Secretary of State Colin Powell said Thursday the U.S. considered Iraq to be in "material breach" of a new U.N. resolution over a recently-compiled, 12,000-page declaration about its weapons of mass destruction programs.
Chief U.N. weapons inspector Hans Blix agreed there were problems with the document.
Howard also expressed doubts the declaration would prove satisfactory. "We're dealing with somebody who has a track record of deception."
"To date it's not promising but we still have a while to go yet. The initial reaction of the Americans and the British, having looked at the Iraqi documents, is that there are a number of omissions."
He said he hoped the diplomatic option through the U.N. would work, but if it didn't, "the defense force ... has put certain arrangements in place in case they are called upon to commit forces."
But he stressed that the government had not yet made any decision to do so.
In separate comments reacting to the U.N. inspectors' assessment, Howard expressed disappointment, but said Iraq could still avoid war.
"Iraq can avoid a deterioration to military conflict if Iraq fully cooperates, fully complies, and fully discloses. It is in Iraq's hands to prevent military conflict occurring and the world hopes that Iraq takes that opportunity."

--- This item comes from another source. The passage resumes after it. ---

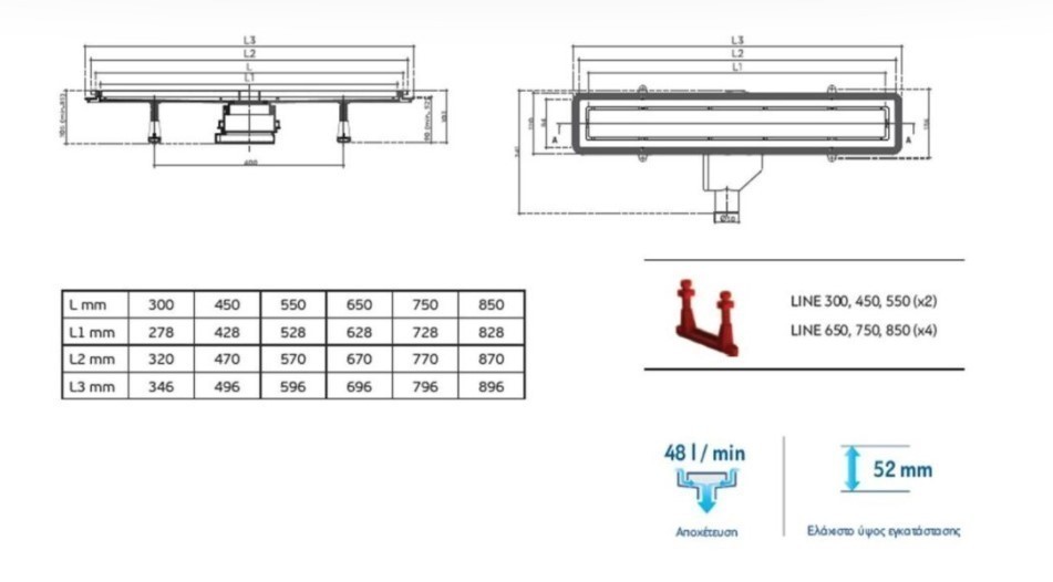 • Σιφώνι δαπέδου ευθύγραμμο, χαμηλού προφίλ που καταλαμβάνει τον ελάχιστο δυνατό χώρο κάτω από το δάπεδο

A Sydney tabloid reported this week that the Australian forces were preparing for a March 2003 campaign, and would contribute special forces troops, three warships, a fighter squadron and support aircraft.
Citing unnamed military sources, the Daily Telegraph said Bush was expected to give the green light early next month, and that an initial six-month operation could begin in March.
Canberra has declined to comment on the report.